BCLC must pay withheld jackpots to some banned gamblers

B.C. Supreme Court ruling on denied prize payouts at B.C. casinos limited to 14-month period

A B.C. Supreme Court judge has ruled some problem gamblers who had themselves banned from B.C. casinos but managed to keep playing are owed jackpots that were withheld by the B.C. Lottery Corp.

The ruling in the class action lawsuit applies only to jackpots over $10,000 that were won but not paid out between April 2009 and June 2010, because jackpot entitlement rules were not validly enacted during that period.

Justice John Savage ruled the BCLC had “no authority to withhold jackpot prizes” at that time.

The rules were clarified in 2010 when the province amended its Gaming Control Act, and self-excluded gamblers who were refused big payouts after that are out of luck.

The case was led by two problem gamblers on behalf of numerous others who enrolled in the voluntary self-exclusion program yet still lost large amounts at casinos.

Hamidreza Haghdust was denied jackpots totaling $35,000 at casinos in Coquitlam and Vancouver and Michael Lee was refused a payout of more than $42,000 at a community gaming centre in Duncan.

The plaintiffs argued the large prizes should not have been confiscated because BCLC failed to keep them out of the casinos under the self-exclusion program and was therefore in breach of contract.

The judge did find BCLC was in breach of contract, noting that although Haghdust and Lee knew they were breaking the rules by re-entering casinos to gamble while banned, the lottery corporation was not blameless.

“BCLC is a large quasi-corporate entity with a total monopoly over the provision of the very thing with which the plaintiff class struggle,” the judgment says. “Gamblers are ferried to its facilities and receive loyalty rewards.
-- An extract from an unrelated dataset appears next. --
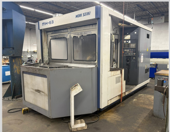
MORI SEIKI MH63 CNC HORIZONTAL MACHINING CENTER

MORI SEIKI MH-63 CNC HORIZONTAL MACHINING CENTER , MF-M6 CNC Control, Travels X-39.36", Y-31.50", Z-29.50", Dual 24.8" x 24.8" Pallets, 60 ATC, CAT 50, Chip Conveyor, S/N: 637

BCLC is undoubtedly in a more powerful position.”

BCLC said in a statement it will work with lawyers for the plaintiffs to return jackpots to those who are eligible.

“Overall, the decision validates BCLC’s ability to withhold jackpots as a deterrent for those who are voluntary self-excluded and that the program is being operated effectively,” the Crown corporation said.

It’s not known how many gamblers may now be paid their five-year-old winnings.

Lawyers behind the case initially said they were trying to recoup 427 jackpots worth total of up to $1.5 million, but only some of those prizes were withheld during the initial 14 months after the BCLC introduced its denial of winnings policy in 2009.

While Haghdust was denied big jackpots when he managed to re-enter casinos, he also incurred $200,000 in losses since entering the self-exclusion program in 2006.

More than 8,400 B.C. residents are enrolled in the voluntary self-exclusion program and participants are denied entry or removed from casinos about 700 times each month.

An earlier court ruling found BCLC did not owe damages to a North Delta woman who entered casinos in Surrey and Langley while excluded and lost $78,000.